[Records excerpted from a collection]
----------
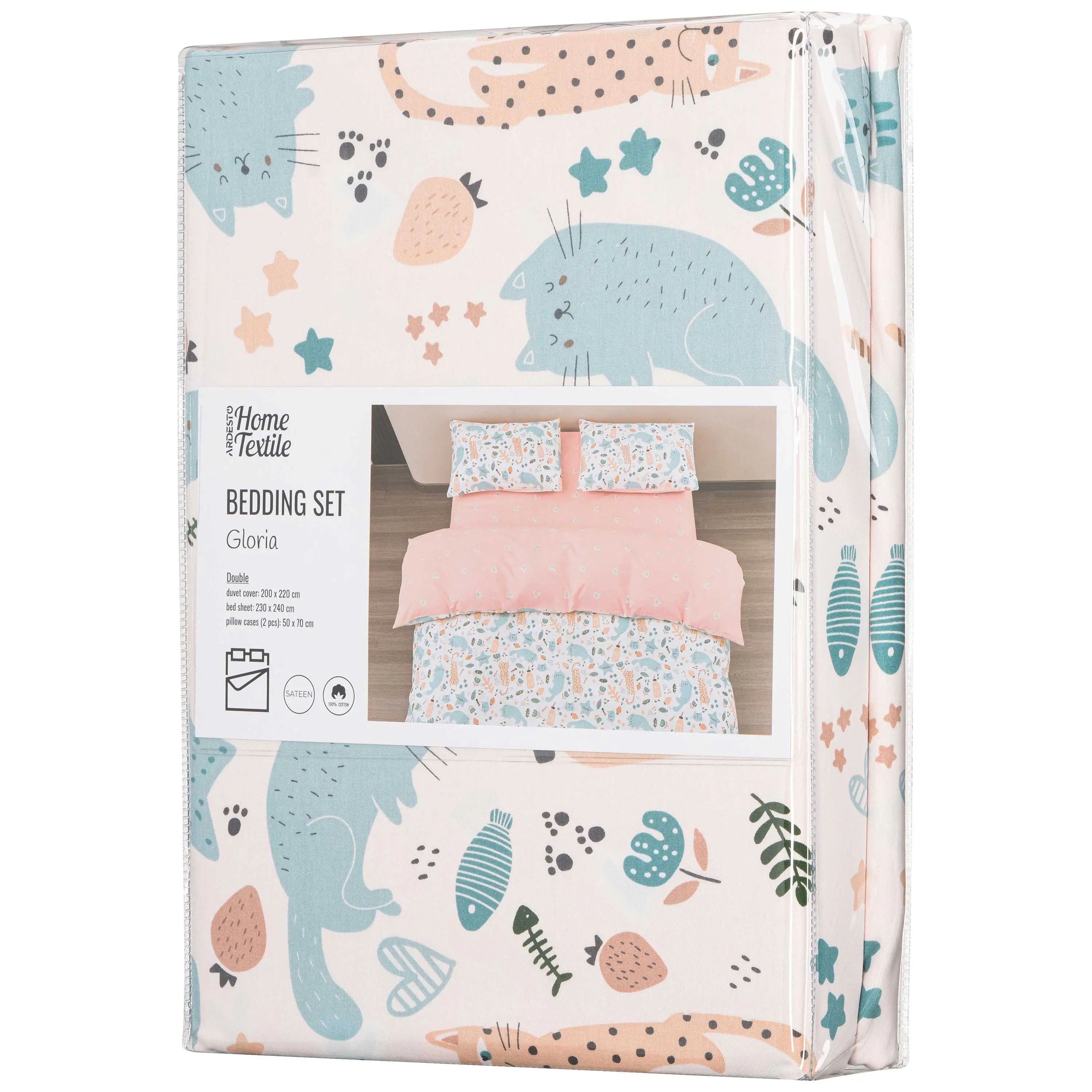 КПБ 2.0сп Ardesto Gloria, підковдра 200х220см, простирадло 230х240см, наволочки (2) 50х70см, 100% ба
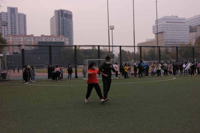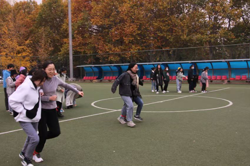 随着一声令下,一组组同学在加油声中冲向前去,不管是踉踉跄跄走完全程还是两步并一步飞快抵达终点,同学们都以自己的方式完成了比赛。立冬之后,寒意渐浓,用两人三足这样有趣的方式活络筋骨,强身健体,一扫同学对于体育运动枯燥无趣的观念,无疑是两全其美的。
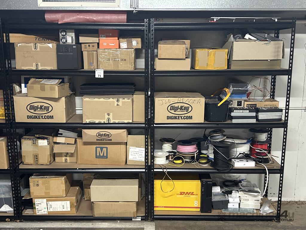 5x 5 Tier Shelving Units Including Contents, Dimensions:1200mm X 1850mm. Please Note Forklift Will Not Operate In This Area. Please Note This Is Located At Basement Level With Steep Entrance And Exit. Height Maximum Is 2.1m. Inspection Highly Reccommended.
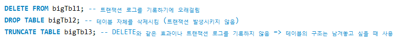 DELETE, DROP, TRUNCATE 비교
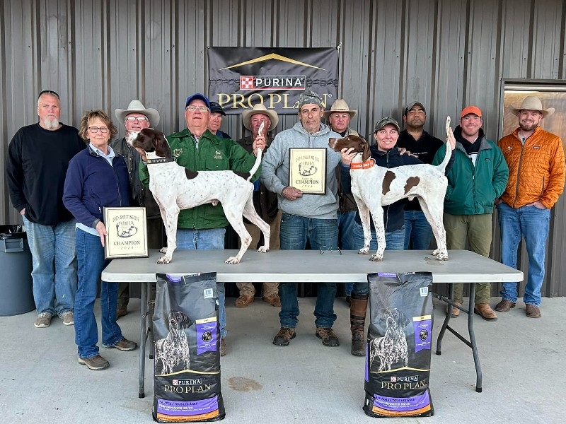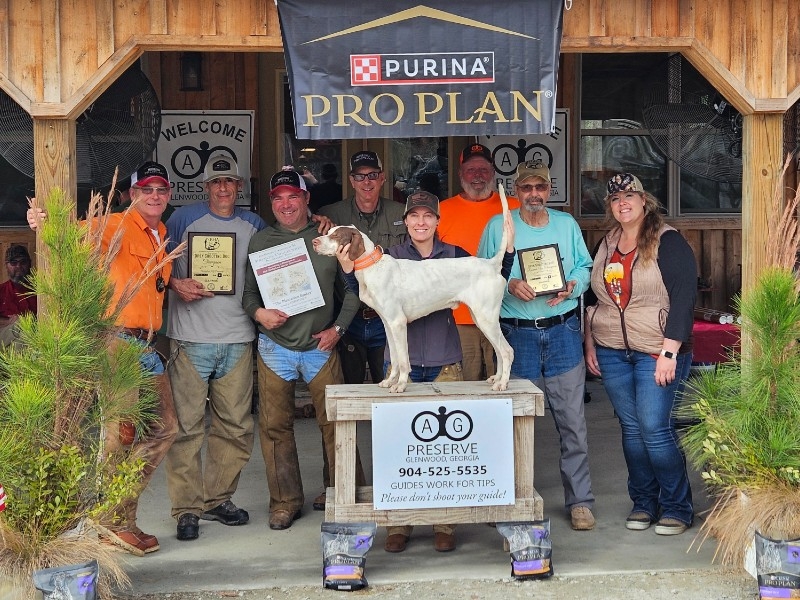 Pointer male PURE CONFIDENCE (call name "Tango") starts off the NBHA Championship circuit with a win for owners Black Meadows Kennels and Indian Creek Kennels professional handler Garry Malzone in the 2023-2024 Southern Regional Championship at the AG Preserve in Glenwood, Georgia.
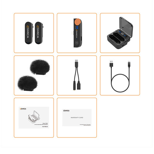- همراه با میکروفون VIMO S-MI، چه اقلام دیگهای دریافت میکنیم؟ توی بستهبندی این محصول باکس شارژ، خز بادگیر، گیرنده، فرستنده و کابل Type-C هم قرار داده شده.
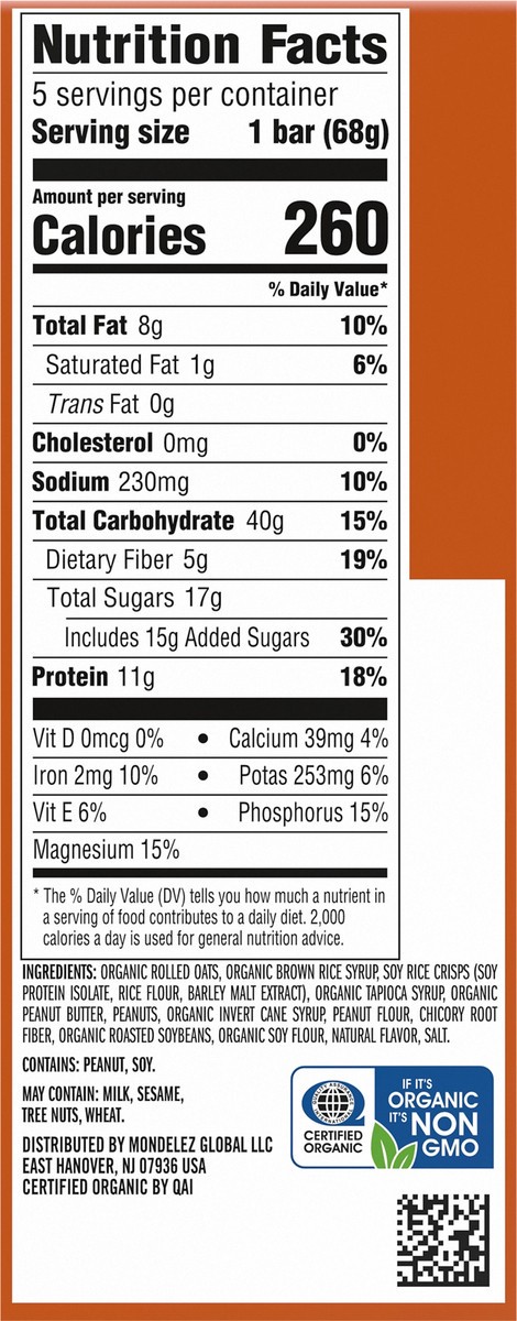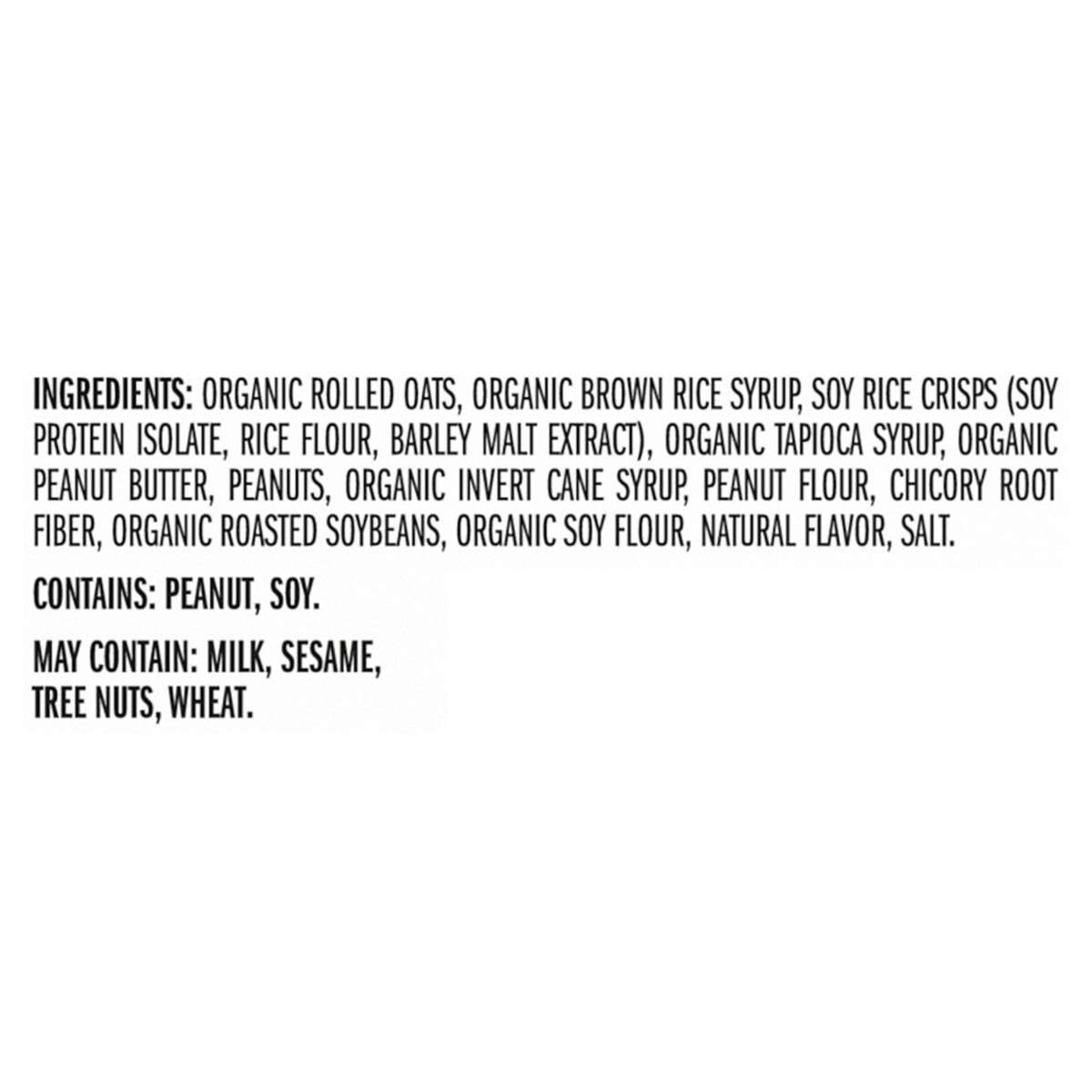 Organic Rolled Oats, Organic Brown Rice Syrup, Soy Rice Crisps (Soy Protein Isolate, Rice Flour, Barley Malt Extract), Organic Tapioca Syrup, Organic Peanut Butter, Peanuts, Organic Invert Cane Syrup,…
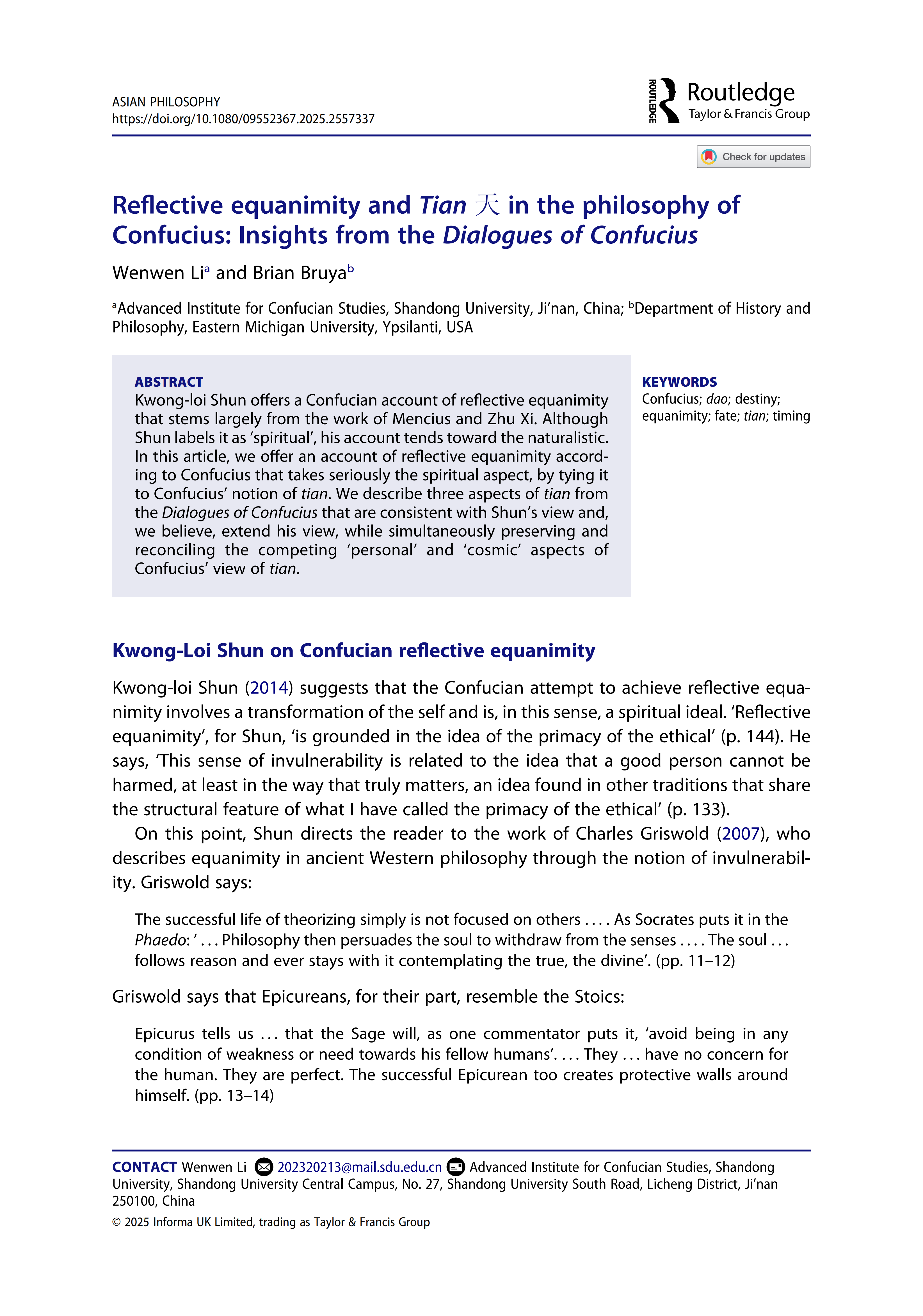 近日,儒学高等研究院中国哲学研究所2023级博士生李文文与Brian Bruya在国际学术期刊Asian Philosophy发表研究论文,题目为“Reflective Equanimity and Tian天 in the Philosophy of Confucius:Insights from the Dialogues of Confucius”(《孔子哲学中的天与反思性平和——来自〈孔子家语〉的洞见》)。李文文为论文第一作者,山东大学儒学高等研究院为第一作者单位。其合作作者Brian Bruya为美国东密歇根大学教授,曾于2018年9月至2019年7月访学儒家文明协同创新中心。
----------
* [Task directions] Starting with the first line of the records above and stopping after the line containing "DELETE, DROP, TRUNCATE 비교", repeat every line exactly and leave out the pictures.

* [Worked solution]
 КПБ 2.0сп Ardesto Gloria, підковдра 200х220см, простирадло 230х240см, наволочки (2) 50х70см, 100% ба
 随着一声令下,一组组同学在加油声中冲向前去,不管是踉踉跄跄走完全程还是两步并一步飞快抵达终点,同学们都以自己的方式完成了比赛。立冬之后,寒意渐浓,用两人三足这样有趣的方式活络筋骨,强身健体,一扫同学对于体育运动枯燥无趣的观念,无疑是两全其美的。
 5x 5 Tier Shelving Units Including Contents, Dimensions:1200mm X 1850mm. Please Note Forklift Will Not Operate In This Area. Please Note This Is Located At Basement Level With Steep Entrance And Exit. Height Maximum Is 2.1m. Inspection Highly Reccommended.
 DELETE, DROP, TRUNCATE 비교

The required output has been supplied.